Of the two FDA-approved smallpox vaccines, Jynneos and ACAM2000, only one has more than 100 million doses ready. Unfortunately for the public, it's the inoculation that requires 15 jabs "vigorous enough" to draw blood, according to the FDA. However, experts say many factors will keep it from being the first line of defense against spread of monkeypox.
The U.S. ordered 500,000 cases of Jynneos, the newer smallpox and monkeypox vaccine that the CDC said requires two shots, but the shipment won't be ready until later this year. This leaves Emergent BioSolutions' ACAM2000 vaccine — delivered in a single dose via 15 pokes with a two-pronged needle — as the most available option.
"It's oozy; it's nasty; it definitely doesn't feel good," Kelsey Cone, PhD, a virologist at Salt Lake City-based ARUP Laboratories who received the vaccine about 12 years ago, told The Atlantic on June 14.
ACAM2000 could also do more harm than good because it carries an active virus, which poses dangers for people who are immunocompromised, pregnant or have HIV, The Atlantic reported.

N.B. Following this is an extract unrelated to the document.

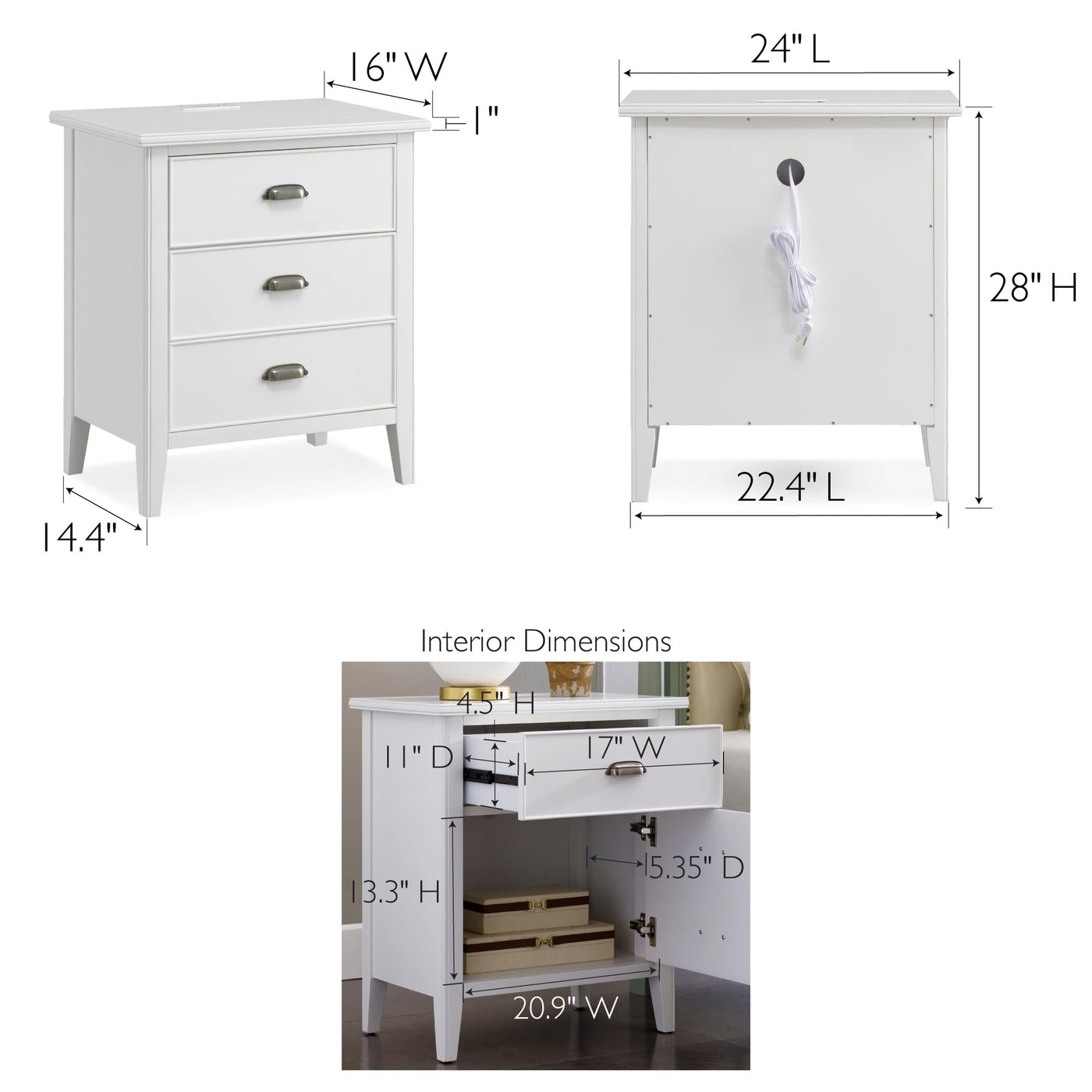 The Leick Home Laurent Side Table brings modern convenience and timeless style to your bedroom, living room, or small space. Designed with a flush-mounted fast-charging USB-C port, A/C outlet, and standard USB port, this nightstand allows you to charge phones, tablets, or power lamps with ease - eliminating the hassle of searching for outlets. The spacious tabletop offers ample room for everyday essentials like lamps, books, and d cor, while the upper drawer with soft-close glides provides discreet storage for remotes, chargers, or personal items. The lower hidden cabinet, styled with two faux drawers, offers additional storage to keep your space organized and clutter-free. Crafted from solid wood, this sturdy and durable nightstand is finished in a crisp white color that complements modern, farmhouse, and traditional d cor. Whether used as a nightstand, side table, end table, or accent table, its compact design enhances your space without overwhelming it - perfect for apartments, condos, and small living areas. Best of all, the Laurent Nightstand arrives fully assembled, so you can enjoy its benefits right away. Backed by Leick Home's 150+ years of craftsmanship and a 1-year limited warranty, this nightstand is a smart addition to any home.

Because of this risk and the relatively small number of infections, Americans likely won't be waiting in line at mass immunization sites like they did for COVID-19.
Unlike the coronavirus, monkeypox isn't airborne. The virus is also unlikely to meet pandemic proportions, the World Health Organization said May 30. As of June 14, there have been 72 reported cases of monkeypox in the U.S. across 18 states — a 47 percent increase from the 49 cases reported June 8, according to CDC data.